Information infrastructures allow, facilitate, mediate, saturate and influence people’s material and immaterial surroundings. They are often shaped and intertwined with networks of relations and distributed agency, sometimes enabling the existence of such networks, and being, in turn, produced by them. Such infrastructures are not static and immobile in time and space: rather, they require maintenance and repair, which becomes an important aspect of their use. They also define and cross more or less visible boundaries, shape and act as ecologies, and constitute themselves as multiple entities.
The various chapters of this edited book question the role of information infrastructures in various settings from both a theoretical and an empirical viewpoint, reflecting the contributors’ interests in science and technology studies, organization studies, and information science, as well as mobilities and media studies.

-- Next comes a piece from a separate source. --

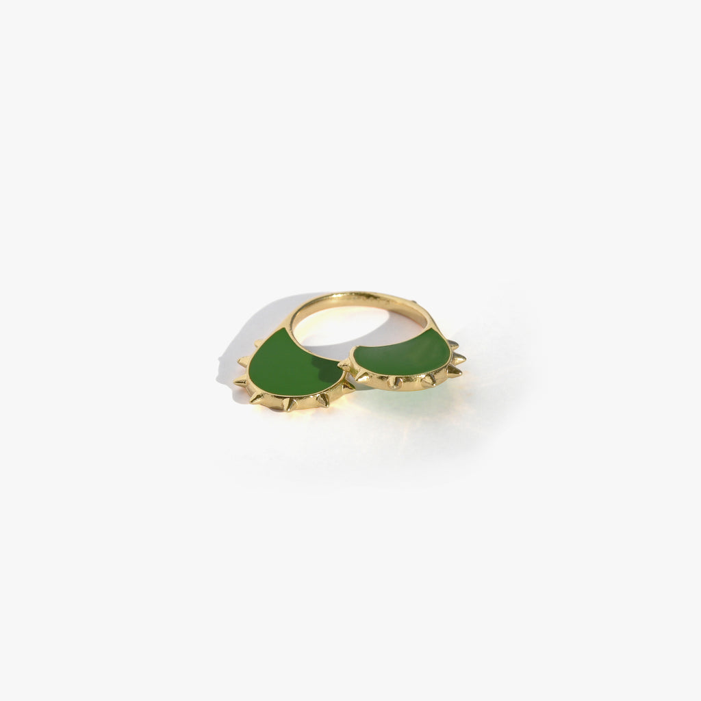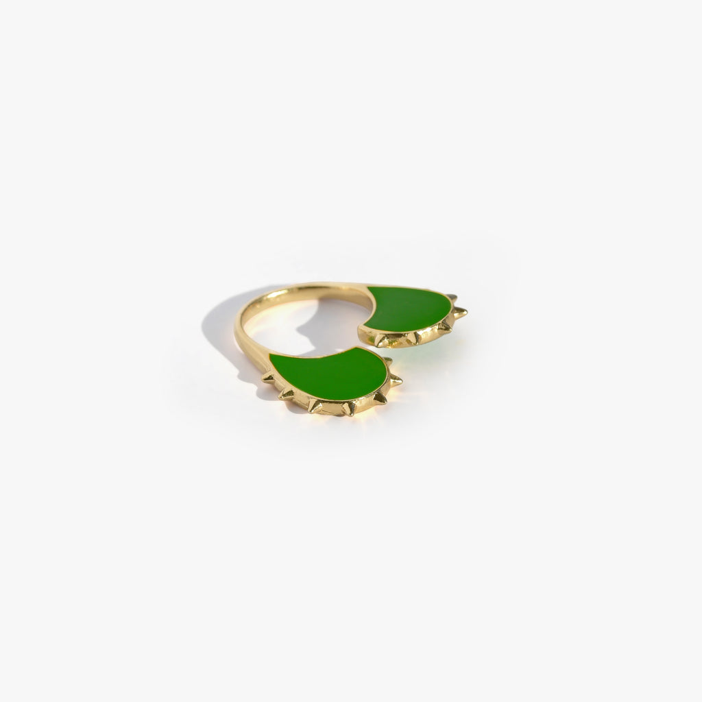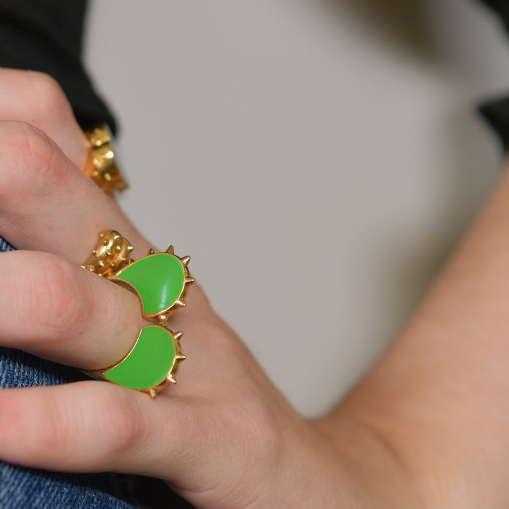 Une bague coeur dorée, comme une armure, qui prend de la hauteur et montre ses "piques". Des mini spikes délicats, un design ultra original, en vert néon...une bague ouverte en version "GREEN" idéale pour un style délicat un tantinet rebelle !

Giuseppina Pellegrino is a Lecturer in Sociology of Communication at the University of Calabria, Italy. Her core research interests intersect STS and mobilities, as well as media, gender and organization studies. A Visiting Fellow at the University of Edinburgh, Lancaster University, IAS-STS (Graz) and TU Darmstadt, she was appointed a Fulbright Distinguished Lecturer in Italian Studies at the University of Pittsburgh in 2013. Her publications include the edited book The Politics of Proximity: Mobility and Immobility in Practice (Ashgate, 2011).